**EXERCISE OBJECTIVE**
Repeat exactly what runs from the line containing "76등의 TooOldToCompete (ez_code, ConU, yup0927)" through the last line of the material below. Do not copy the pictures.

DATA SHOWN section start

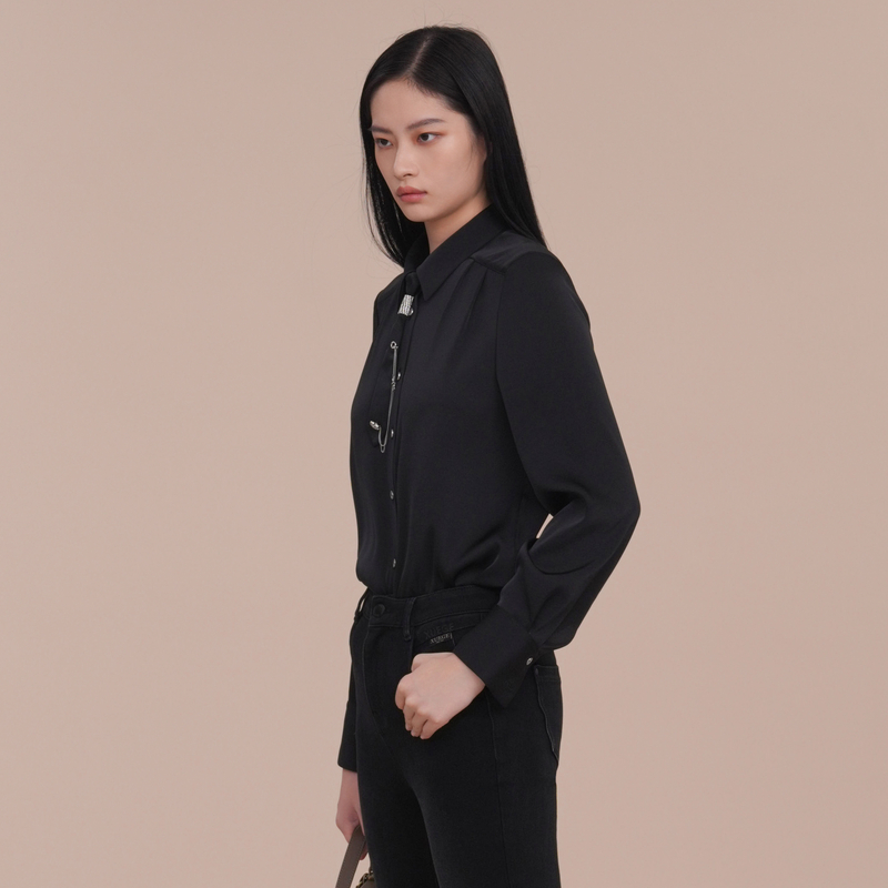 XG雪歌简约法式通勤优雅缎感衬衫女2025春装新款上衣XK121019A190
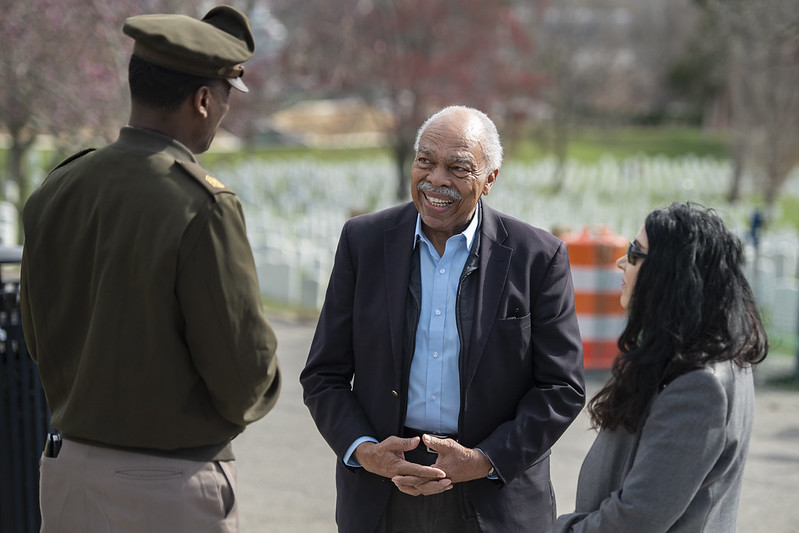 Felder visited ANC in the spring of 2024, to lay flowers at Kennedy’s grave, walk the grounds, and reflect on his role in the president’s state funeral on Nov. 25, 1963, two days after his assassination in Dallas, Texas. Executive Director of the Office of Army Cemeteries and Army National Military Cemeteries Karen Durham-Aguilera and Senior Enlisted Advisor for the Office of Army Cemeteries and Army National Military Cemeteries Sgt. Maj. Donnie Davis (pictured below) greeted Felder and listened to his recollections of the historic state funeral.
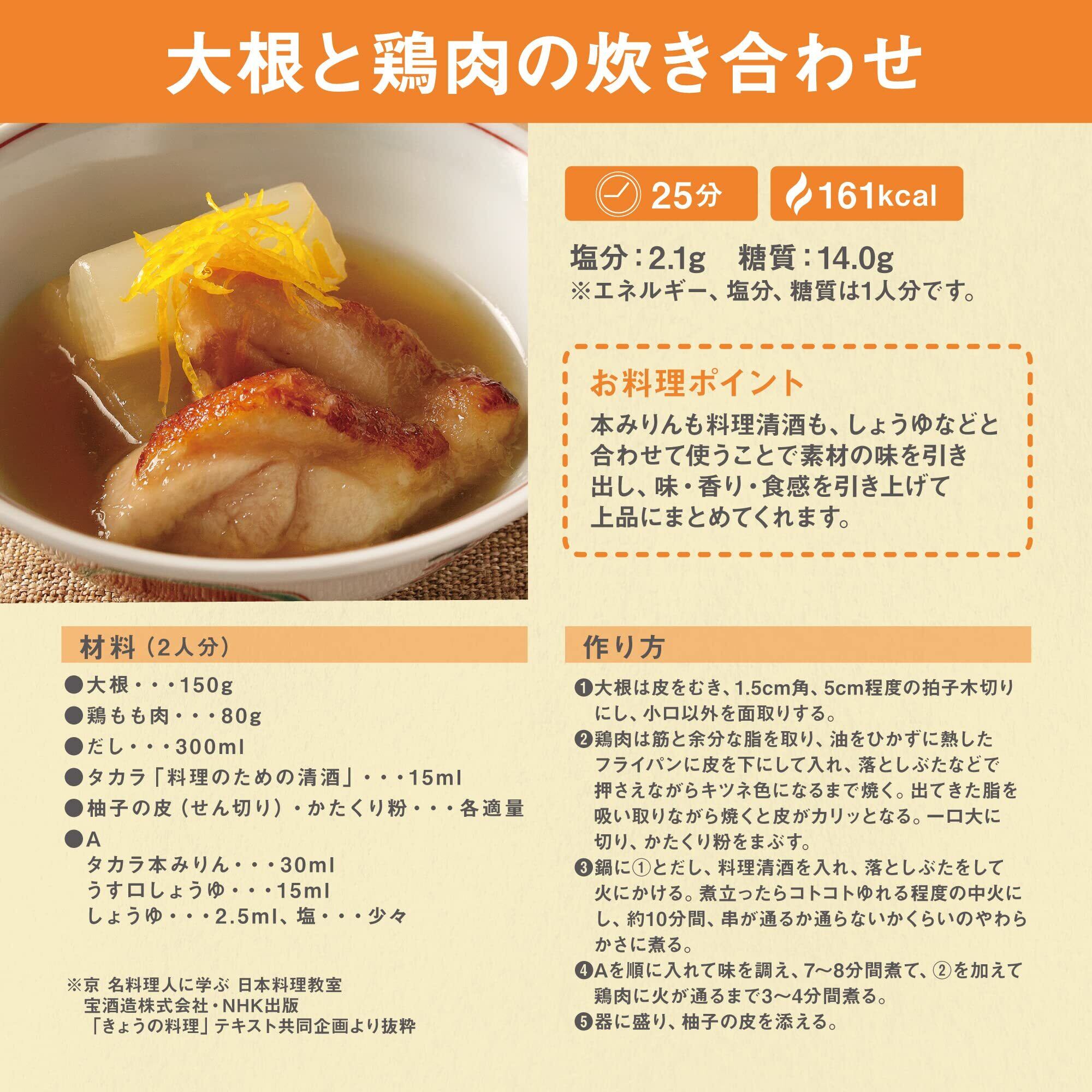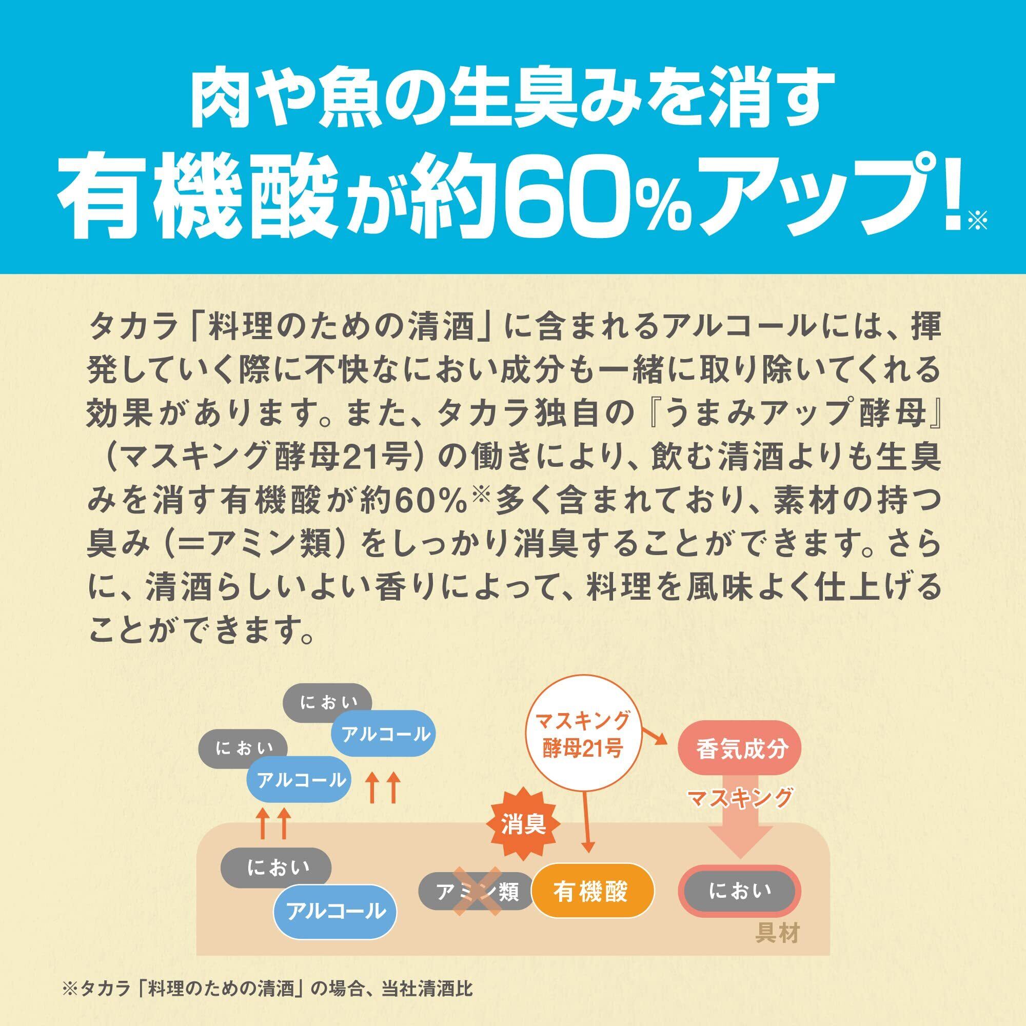 料理をおいしくすることにこだわった「食塩ゼロ」「国産米100%使用」の清酒。米と米こうじ及び水で仕込んだ純米造りに加え、タカラ独自の『うまみアップ酵母』の働きにより、飲む清酒よりも生臭みを消す有機酸・うまみ成分(コハク酸)を豊富に含んでいます。そのため、肉や魚の生臭みをしっかりと消臭する効果や、料理にコクとうまみを与える効果に優れており、料理を風味よく仕上げます。
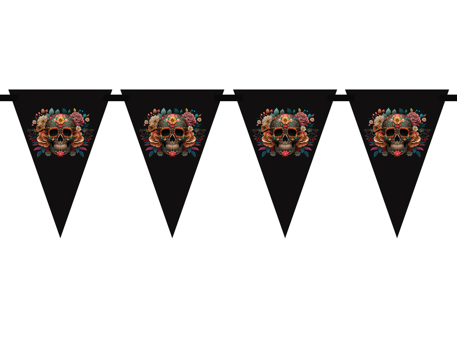 Baner flagi Dia de los Muertos - 500 cm - 1 szt. - Baner flagi z meksykańską czachą. Do baneru można dołączyć dowolny element, baner jest składany samodzielnie. Długość wstążki: 500 cm. Wysokość flagi: 15 cm. Opakowanie: 14 flag.
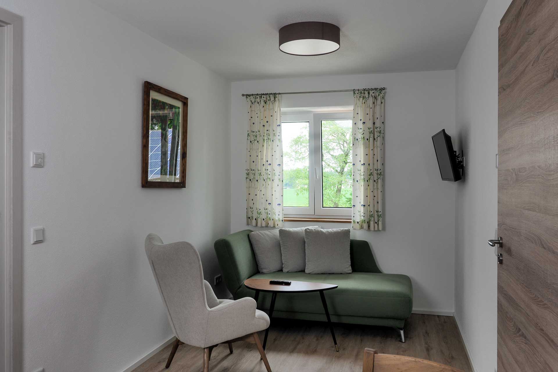 Unser mittelgroßes Appartement 5 ist ideal für alle, die allein reisen und ein abgetrenntes Schlafzimmer bevorzugen oder zu zweit oder zu dritt unterwegs sind. Die modern ausgestattete Ferienwohnung mit Bad (Dusche und WC) verfügt über ein Schlafzimmer, mit einem von unserem Schreiner handgefertigten flexiblen Doppelbett, welches sowohl als Ehebett als auch getrennt als zwei Einzelbetten gestellt werden kann. Im Wohn-/Essbereich finden Sie neben einer voll ausgestatteten Küchenzeile, eine Sitzgelegenheit zum Essen oder Arbeiten, außerdem eine gemütliche TV- und Leseecke, die zu einem weiteren Schlafplatz umfunktioniert werden kann. Das Appartement liegt im ersten Stock, ist barrierefrei mit dem Aufzug erreichbar und mit einer rollstuhlgerechten Tür zum Badezimmer ausgestattet. Neben TV, haben Sie Zugang zum kostenlosen WLAN. Bei Bedarf stellen wir gerne Babybett und Kinderstuhl zur Verfügung. Hand- und Geschirrtücher sowie Bettwäsche sind vorhanden.
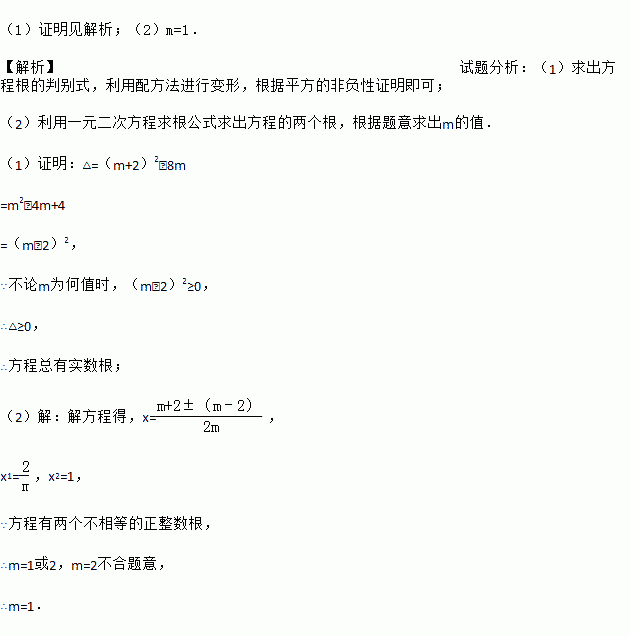 (1)证明见解析;(2)m=1. 【解析】试题分析:(1)求出方程根的判别式,利用配方法进行变形,根据平方的非负性证明即可; (2)利用一元二次方程求根公式求出方程的两个根,根据题意求出m的值. (1)证明:△=(m+2)2﹣8m =m2﹣4m+4 =(m﹣2)2, ∵不论m为何值时,(m﹣2)2≥0, ∴△≥0, ∴方程总有实数根; (2)【...
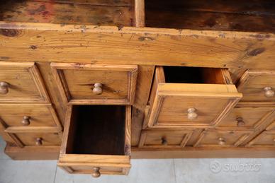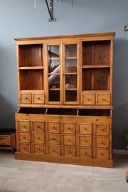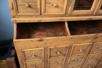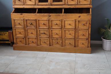 Antico mobile farmacia in abete restaurato. Alto 221cm; lungo 174cm; profondo 49cm (alzata 33cm)
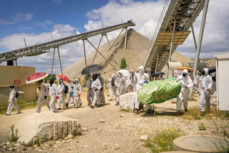 A l'appel de l'organisation Extinction rébellion et de collectifs locaux, l'action s'est déroulée dans l'après-midi sur la commune du Vernet, non loin de Foix, en Ariège.
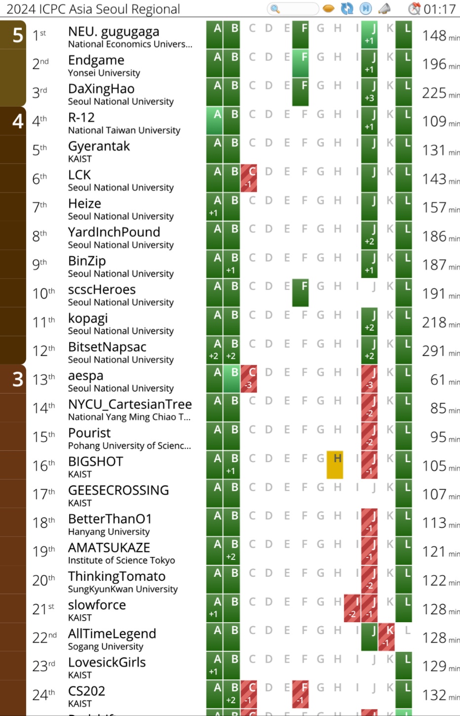 76등의 TooOldToCompete (ez_code, ConU, yup0927) 팀은 이번 첫 본선 진출이고 아마도 내년에는 다른 팀으로 새롭게 등장할 것 같습니다. 이팀은 제가 지금까지 들어본 해프닝 중에서 가장 웃기지만 슬픈 억까썰을 가진 팀입니다. 분명 A와 B를 열심히 짰는데 WA를 받았고, 열심히 디버깅했으나 아무리 봐도 틀린게 없어서 2시간 30분쯤에 제출한 코드를 다운받아서 확인했더니... 맙소사 사실 이상한 파일을 계속 제출하고 있었다고 합니다. 그래서 열심히 cout<<"Hello world"<<endl; 만 제출하고 있었고... 이후에도 프린터가 작동하지 않는 등 억까를 당했지만 헬로월드 억까는 제가 들어본 억까중 가장 웃긴 억까긴 합니다. 아마 10년 뒤 모르고리즘에도 매년 등장하는 이야기가 아닐까...ㅋㅋㅠㅠ
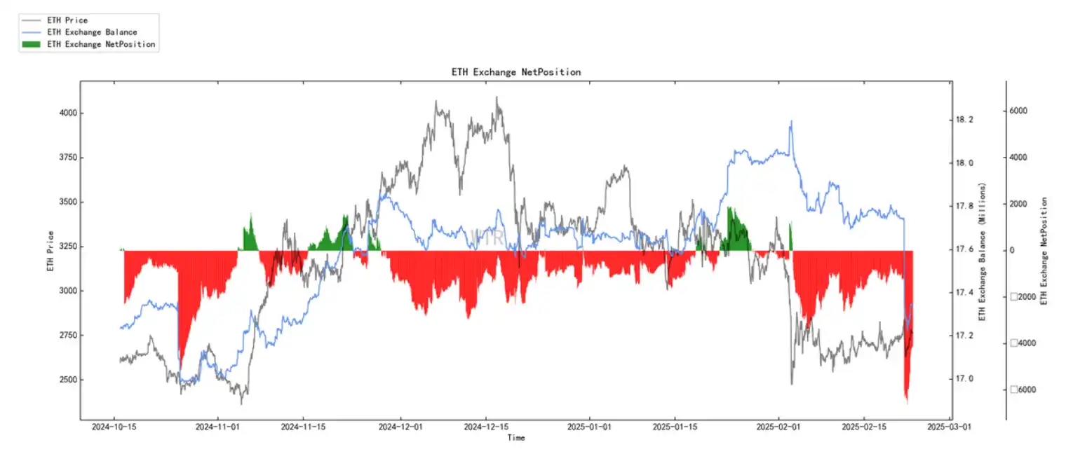 ETH 交易所净头⼨持续性⼤量流出累积。
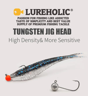 Catch more with these playful tungsten jig heads! Available in weights from 0.6g to 5g, each features a sharp Mustad micro hook perfect for finesse fishing with soft lures.
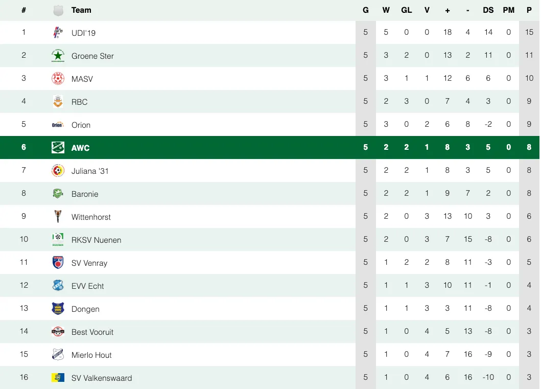 Voor komende zondag staat een thuiswedstrijd op het programma. AWC ontvangt dan RKSV Nuenen (aanvang 14.00 uur).
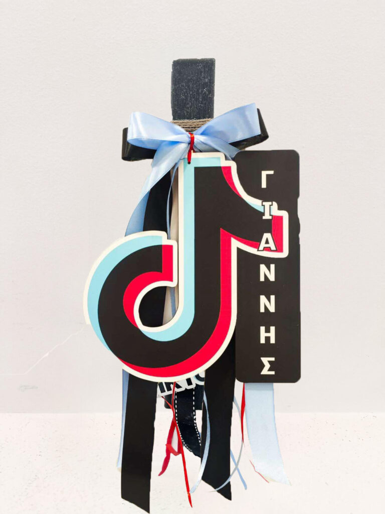 Πασχαλινή Αρωματική Λαμπάδα TikTok με Κρεμαστό Ξύλινο Ταμπελάκι Ονόματος
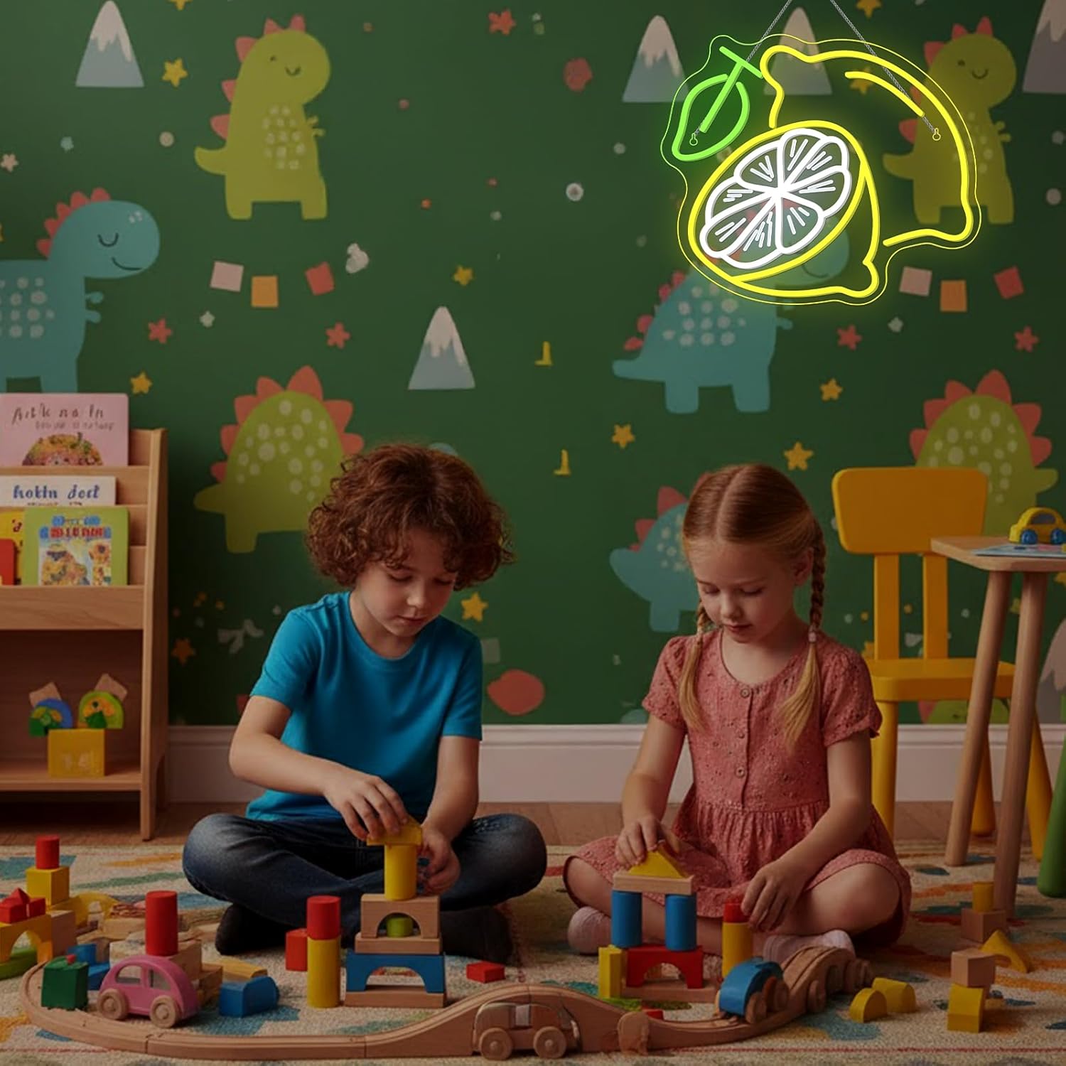 Lemon Cocktail Neon Sign – Yellow & Green LED Wall Light with Citrus Slice and Drink Glass – Summer Party, Bar, Kitchen, and Home Décor

DATA SHOWN section end

**ANSWER SECTION**
 76등의 TooOldToCompete (ez_code, ConU, yup0927) 팀은 이번 첫 본선 진출이고 아마도 내년에는 다른 팀으로 새롭게 등장할 것 같습니다. 이팀은 제가 지금까지 들어본 해프닝 중에서 가장 웃기지만 슬픈 억까썰을 가진 팀입니다. 분명 A와 B를 열심히 짰는데 WA를 받았고, 열심히 디버깅했으나 아무리 봐도 틀린게 없어서 2시간 30분쯤에 제출한 코드를 다운받아서 확인했더니... 맙소사 사실 이상한 파일을 계속 제출하고 있었다고 합니다. 그래서 열심히 cout<<"Hello world"<<endl; 만 제출하고 있었고... 이후에도 프린터가 작동하지 않는 등 억까를 당했지만 헬로월드 억까는 제가 들어본 억까중 가장 웃긴 억까긴 합니다. 아마 10년 뒤 모르고리즘에도 매년 등장하는 이야기가 아닐까...ㅋㅋㅠㅠ
 ETH 交易所净头⼨持续性⼤量流出累积。
 Catch more with these playful tungsten jig heads! Available in weights from 0.6g to 5g, each features a sharp Mustad micro hook perfect for finesse fishing with soft lures.
 Voor komende zondag staat een thuiswedstrijd op het programma. AWC ontvangt dan RKSV Nuenen (aanvang 14.00 uur).
 Πασχαλινή Αρωματική Λαμπάδα TikTok με Κρεμαστό Ξύλινο Ταμπελάκι Ονόματος
 Lemon Cocktail Neon Sign – Yellow & Green LED Wall Light with Citrus Slice and Drink Glass – Summer Party, Bar, Kitchen, and Home Décor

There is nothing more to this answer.